#### Requirement:
Reproduce, unchanged, the lines between the one holding "图为赤脚仪仗队,这是云南巡抚" and the last line of the records, including both ends, but no pictures.

#### Recorded data:
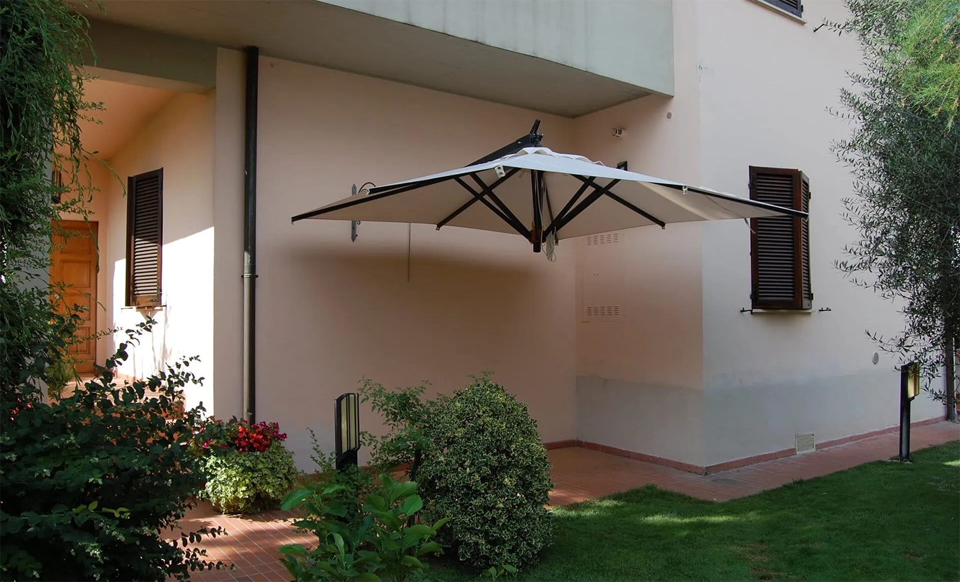 Un punto di forza distintivo è il pratico sistema a cerniera, che consente di accostare facilmente l’ombrellone al muro quando non è in uso. Questa caratteristica lo rende particolarmente funzionale in contesti contract ad alta densità, ma anche in spazi privati compatti, dove l’ottimizzazione dello spazio è fondamentale.
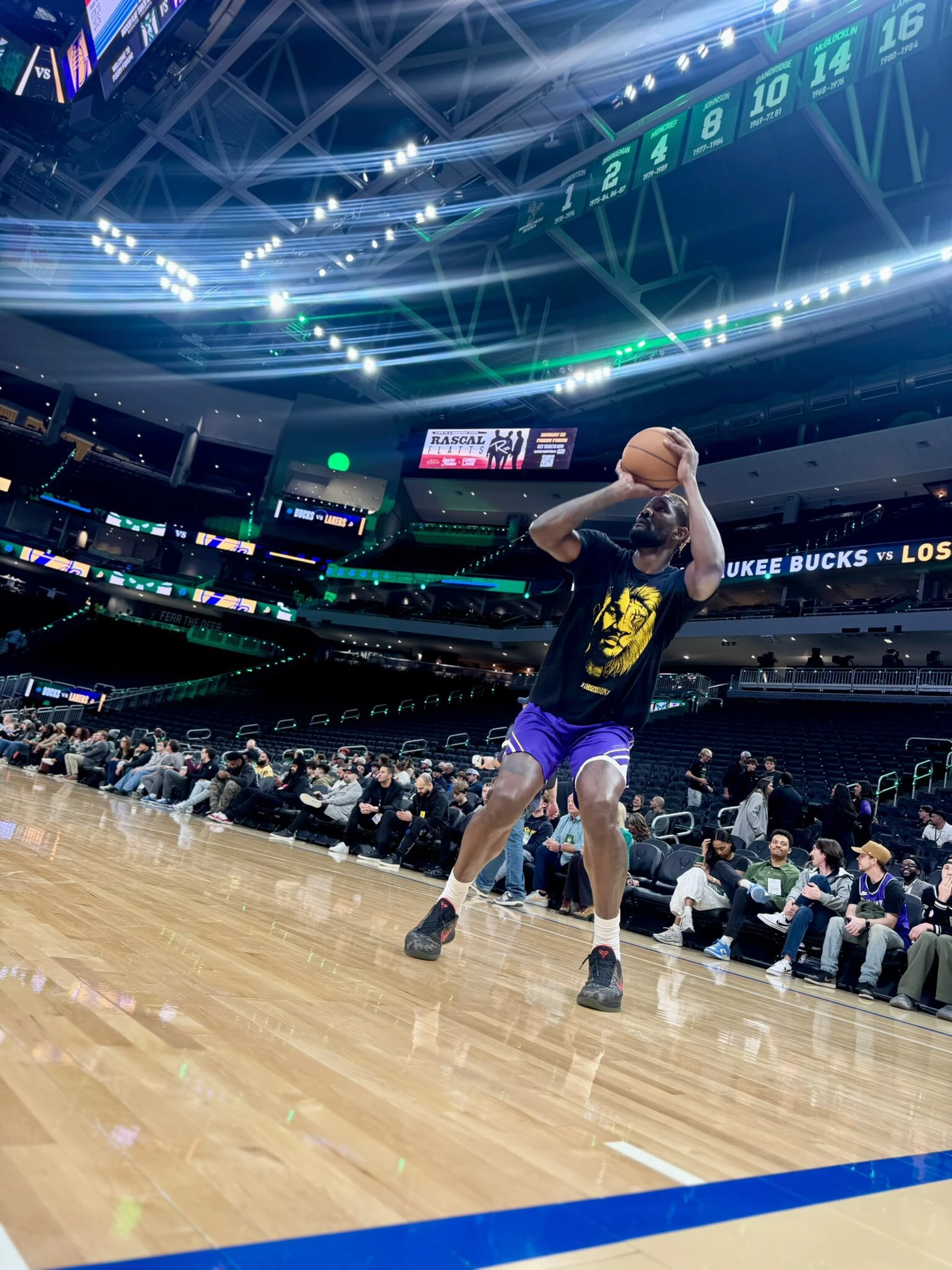 Специалист перед матчем с «Бакс» предстал в кастомной футболке с изображением льва и «большого» калифорнийцев. Эйтон вышел в такой же на разминку.
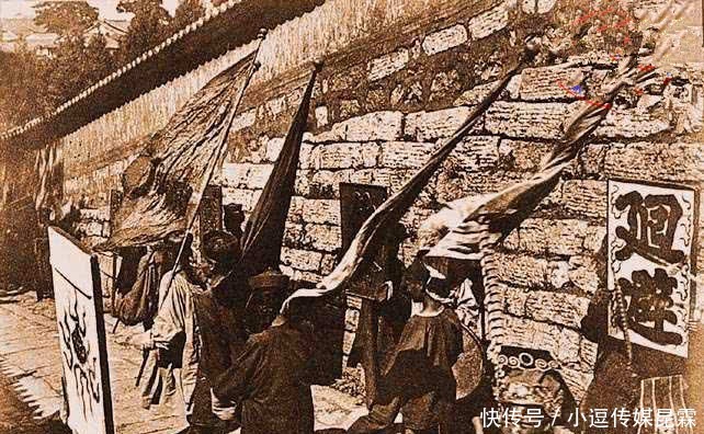 图为赤脚仪仗队,这是云南巡抚的仪仗队正在通过,在这仪仗队中有几个孩童,他们都是临时找来,充当仪仗队队员的街通,右下角扭头望着镜头的小男孩十分的好奇。
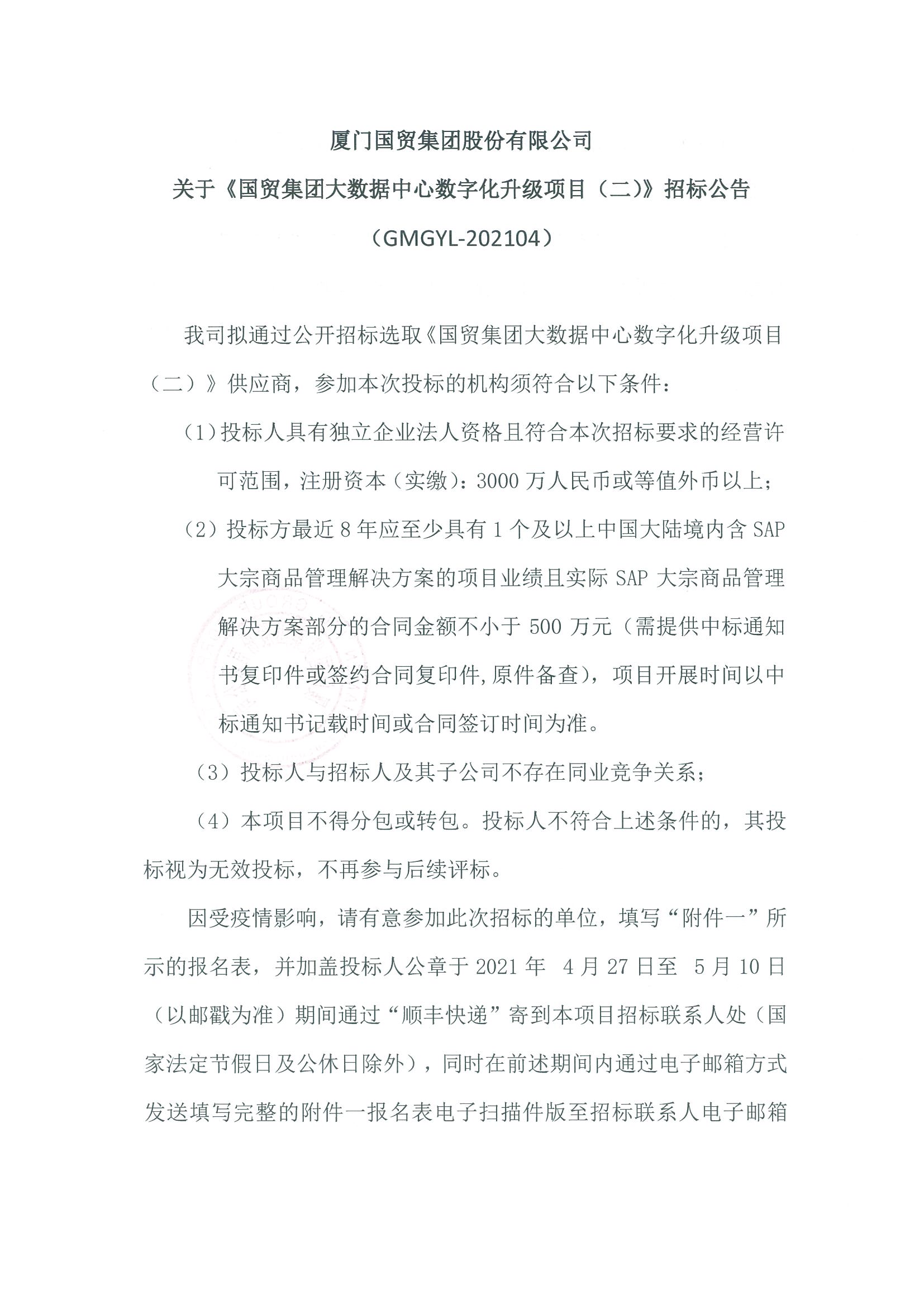 關(guān)于《國貿(mào)集團(tuán)大數(shù)據(jù)中心數(shù)字化升級(jí)項(xiàng)目(二)》招標(biāo)公告
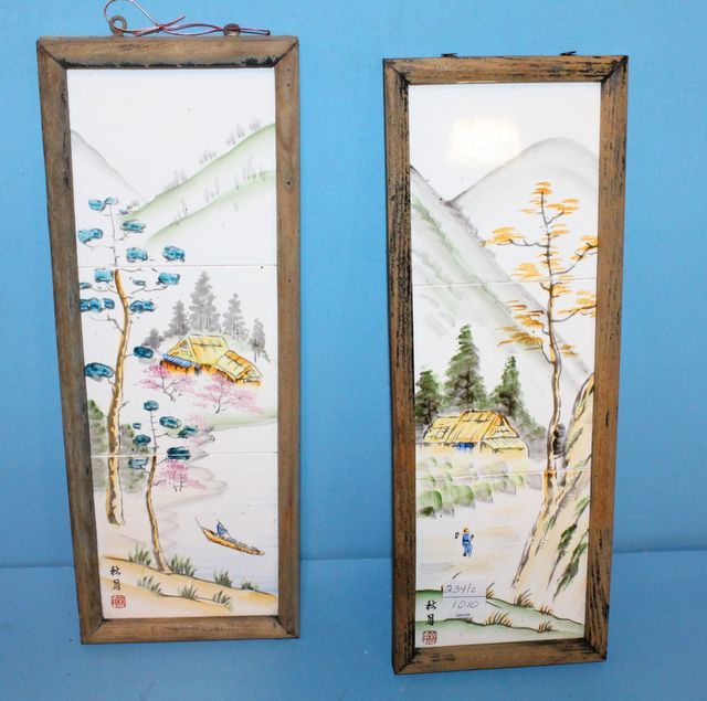 Pair of Framed Oriental Scene Tiles. Pair of Framed Oriental Scene Tiles.

#### Final answer:
 图为赤脚仪仗队,这是云南巡抚的仪仗队正在通过,在这仪仗队中有几个孩童,他们都是临时找来,充当仪仗队队员的街通,右下角扭头望着镜头的小男孩十分的好奇。
 關(guān)于《國貿(mào)集團(tuán)大數(shù)據(jù)中心數(shù)字化升級(jí)項(xiàng)目(二)》招標(biāo)公告
 Pair of Framed Oriental Scene Tiles. Pair of Framed Oriental Scene Tiles.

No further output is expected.